Login

05-04-2009, 03:13 PM

[eluser]Yorick Peterse[/eluser]
[quote author="nubianxp" date="1241481200"]@yorick: thanks for the code man, nice to have something to start with... one question, is it possible to maybe parse a remote file? e.g.

Code:
$remote = 'http://example.com/data.html';

$DOM = new DOMDocument();

$DOM->load($remote);

$content = $DOM->getElementById('somediv');

and do either

Code:
echo $content; OR

print_r($content);

i tested the above, but i get some parsing errors when using $dom->load():

Code:
Warning: DOMDocument::loadHTMLFile() [domdocument.loadhtmlfile]: error parsing attribute name in http://example.com/forecast.html, line: 19 in E:\localweb\projects\test\getfile.php on line 5

and a blank page if i use $dom->loadHTML()... anyway, appreciate the help. :lol:

@dam1an: 5,344?! and all of those are built-in?! :wow:[/quote]
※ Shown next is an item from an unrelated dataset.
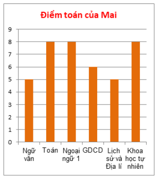 Biểu đồ trên cho thấy: Điểm ngữ văn của Tiến cao hơn Mai, điểm Toán của hai bạn bằng nhau, điểm Ngoại ngữ 1 của Mai cao hơn tiến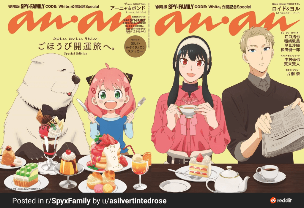 In the time since the movie’s release, there have been a multitude of accompanying books and magazine covers, some of which I’ve included in pictures below. For a more complete compendium of all the collaborations, merch, books, and magazines related to the movie, the Spy x Family Wiki has a CODE: White Gallery, too!

I'm not really sure if you can parse a remote file using the DOM. However you could use file_get_contents() to fetch whatever is in that file and then parse it later on.

It would look like the following:

Code:
&lt;?php

// Get the content from the remote file

$remote = file_get_contents('your_remote_file.html');

// Load the DOM

$DOM = new DOMDocument(); 

// Open the $remote variable using the DOM, not sure if it's possible

$DOM->load($remote);

// Parse it

.......

05-04-2009, 07:19 PM

[eluser]TheFuzzy0ne[/eluser]
[quote author="Dam1an" date="1241453054"]Don't worry, it doesn;t make you a n00b lol
With 5344 documented PHP functions no one is expected to know them all

(and no, I didn't count them all manually Tongue

)[/quote]

I just counted them and it's 5343.

Just kidding. Big Grin

05-27-2009, 09:38 AM

[eluser]Sen Hu[/eluser]
Good question. Excellent responses so far.

Here is an alternate. You want to extract block-i-need-to-get from

Quote:...bunch of markups...
<div id="block-i-need-to-get">
<div>some content</div>
<div>some more content</div>
</div>
...more bunch of markups...

in file "someremotefile" ? (BTW: Thanks for accurately posting your requirements.)

Here is a small script.

Code:
var str content ; cat "[b]someremotefile[/b]" > $content

stex -c "^<div id=\"^]" $content > null

stex -c "[^\"^" $content > null

# What's remaining in $content is block-i-need-to-get . Print it.

echo $content

This script is written in biterscripting ( http://www.biterscripting.com/install.html ) . You can transform it to php.

Sen

05-27-2009, 09:57 AM

[eluser]Evil Wizard[/eluser]
[quote author="Dam1an" date="1241481571"]@nubianxp: Yeah they're all the built in PHP functions, then there's another million extra user created functions Tongue

PHP has grown to be huge!!![/quote]

The DOMDocument and DOMXPath are not built in functions of php, you do need to make sure your installation has been compiled with the appropriate libraries, but as of php 5 it is pretty much as standard

Use the DOMDocument to parse the html file and then you can use the DOMXPath to get at the elements

05-27-2009, 10:01 AM

[eluser]tekhneek[/eluser]
I've used Simple HTML DOM (a library for PHP) to parse HTML before and it works great.
I wrote an article on how I used it to scrape myspace artist tour dates off of myspace. Hope this helps.

http://www.crainbandy.com/programming/us...ff-myspace
http://simplehtmldom.sourceforge.net/

05-27-2009, 10:15 AM

[eluser]tekhneek[/eluser]
in PHP HTML DOM you could do

Code:
$dom_obj = new simple_html_dom();

/**

 * Where [id] is the id of the div element you want to find.

 */

$return = $dom_obj ->find('div[id]');

print_r($return); // usually an associative array of results.